Alors pour ce commentaire, je vais t’énumérer ce qu’y ne vas pas, et ce qu’y est bon ! Pas par ce que je suis méchant, mais pour t’aider à améliorer tes écrits.

Alors, ce qu’y me dérange :

Une broutille. Dans ta mises en page, les pensées de Rouskoff sont mises entre guillemets et en rouge directement à la suite d’une action du personnage, le même modèle que pour ton parler. Et pour ne pas te mentir, j’ai l’impression de voir Rouskoff, debout au milieu du manoir et exprimer ses pensées à haute voix. C’est un peu ridicule, si tu vois ce que je veux dire… Mais ça n’atteint pas la qualité d’écriture, je suis juste chiant =)

Aussi, il t’arrive d’être un peu maladroit dans tes formulations. Tu peux être plus précis dans quand tu décris quelque chose, pour l’exemple :

Il se dirigea ensuite vers la place des fêtes et s’adossa à un mur en attendant le capitaine et ses gardes.

A peine 55 minutes plus tard le capitaine arriva avec une foule encadré par les gardes. Dès qu’il le vit, il se dirigea vers Rouskof.


Je n’ai aucun problème avec les ellipses, mais… Que fait-il pendant une heure ? Il reste inactif contre son mur ? Il n’a aucune agitation sur la place ? Il ne se questionne pas une fois de plus par rapport à son futur crime ? C’est un petit manque que j’ai ressenti… Mais je te le signal pour que tu puisses affiner ton style,  améliorer tes textes !

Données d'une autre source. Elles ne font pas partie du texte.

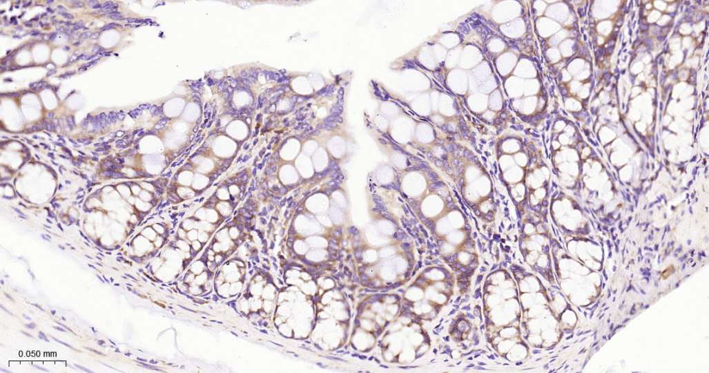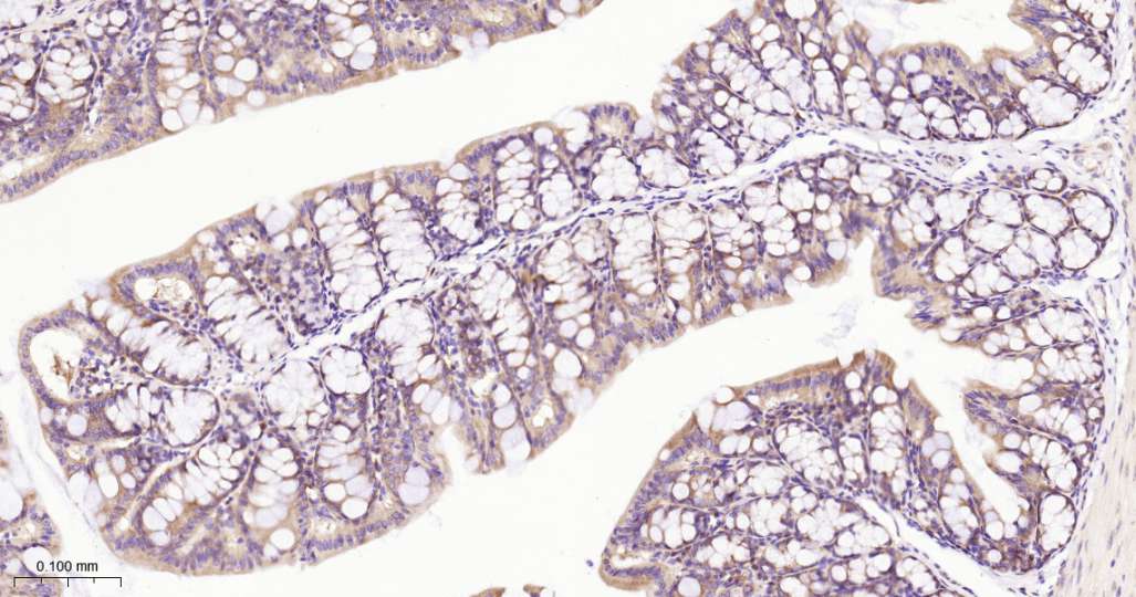 Immunohistochemical analysis of paraffin embedded Mouse colon tissue slide using IHC0645 (EIF2S1 Kit).

Maintenant, ce que j’aime !

On ne va pas le cacher, tu es bourré de bonne idée. Que se sois pour l’introduction, le bourreau dans les cachots ou l’exécution en elle même, tu a des idées fraîches et ses très plaisant à lire. Pour l’exemple, quand tu as coupé sa langue, je n’ai pas compris sur le coup. Mais rétrospectivement, je me suis rappelé de la base du problème, la blasphémassions. C’est fin, très fin je dirais même !

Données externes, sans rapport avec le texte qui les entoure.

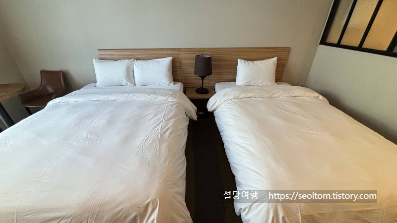 저는 스탠다드 더블룸에 머물렀습니다. 객실 문을 열고 들어선 순간, 가장 먼저 눈에 띈 것은 탁 트인 공간감과 청결한 상태였습니다. 객실은 생각보다 넓었으며, 따뜻한 조명과 우드톤 인테리어가 어우러져 아늑한 분위기를 연출했습니다. 침대는 적당한 쿠션감과 포근한 침구 덕분에 하룻밤 내내 꿀잠을 잘 수 있었습니다. 이불과 베개 커버는 깨끗하게 세탁되어 있었고, 매트리스 또한 흠잡을 곳 없이 깔끔했습니다.

Et aussi, tu as un personnage qu’on adore détesté. C’est réaction abusée envers les gardes noirs. Le sadisme que tu fais part au moment de l’exécution (big up pour la maman). Non vraiment, on a envie de le fracasser contre un mur, mais tu nous prouves que tu donnes des sentiments à travers ton écrit, et ça, c’est bien !

Donc, se sera tout ! Mission accomplie !

Très Facile : 9 points d'expérience + 50 munnies + 1 PS (en défense)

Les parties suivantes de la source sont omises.